Péter Eötvös, born in 1944 in what was then the Hungarian part of Transylvania, was always considered to be extremely polite and eager to engage in dialogue. The roots of his open-minded thinking can be found in his childhood, when the borders in post-war Hungary were narrow and the young Eötvös' hunger for forbidden Western music was great. He became acquainted with Anton Webern's pieces as underground culture, while his role models were Stockhausen, Boulez, Miles Davis, and Béla Bartók.
At the age of 14, Zoltán Kodály accepted Eötvös into his composition class at the Budapest Academy of Music. At the age of 22, a scholarship took him to Cologne, where he quickly made contact with the musical avant-garde of the time, both as a pianist in Stockhausen's ensemble and as a sound engineer at the WDR recording studio. His breakthrough came in 1978, at the age of 24, when Pierre Boulez brought him to Paris for a concert: Eötvös was appointed musical director of Ensemble Intercontemporain, soon traveling the world as a conductor, and increasingly becoming known as a composer.
In Cologne, Karlheinz Stockhausen became his mentor, encouraging his artistic development, and including him in his ensemble as a keyboard player.
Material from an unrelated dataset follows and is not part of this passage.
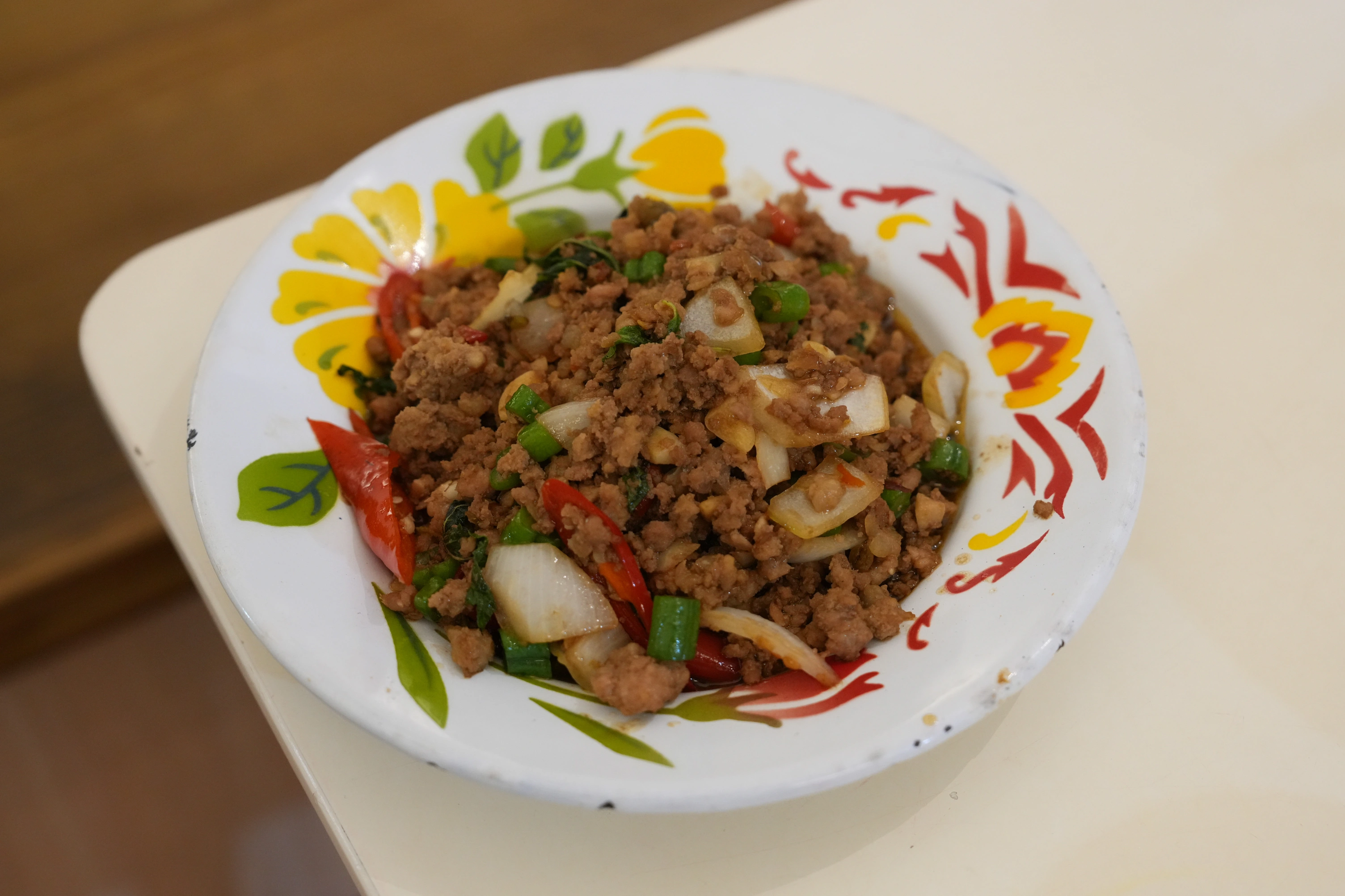 ▼嗑飯打拋豬雖然在菜單上標註了一根辣椒的辣度,但實際吃起來完全不辣,入口帶有濃郁的鍋香氣,隱約還帶著一抹特殊的香味,整體鹹度偏高、十分下飯,非常適合搭配著泰國香米飯一起享用。

Eötvös gave hundreds of concerts with Stockhausen around the world, including month-long performances at the World Expo in Osaka in 1970.
His encounter with Japanese culture broadened his horizons in a lasting way. It was reflected not only in the experimental works of the early 1970s, but also in his later operas, including the one-act opera "Lady Sarashina", based on the records of a Japanese court lady from the 11th century, and "Tri sestri" ("Three Sisters"), based on the drama by Anton Chekhov. This work, which premiered in Lyon in 1998 in a production by the Japanese director Ushio Amagatsu and has since been performed in over thirty theaters, marked Eötvös' breakthrough as an opera composer. It was followed by a considerable number of stage works, for which Mari Mezei, the composer's wife, often wrote or arranged the libretti.
Eötvös has been supporting young composers and conductors at his international Péter Eötvös Institute since 1991. His educational goal: openness to the world. And: a bit of circus. Because, according to Eötvös, it may be the basis of all arts. "What they do is actually life-threatening. And this function of comsbining mortal danger with art should be a basic principle for all the arts. I should take what I compose just as seriously as the artists in the circus. They always have to repeat, if they make a mistake, they have to climb up again and try again. They can't leave things as they are or say, aha, that didn't work- so this applies to all the arts."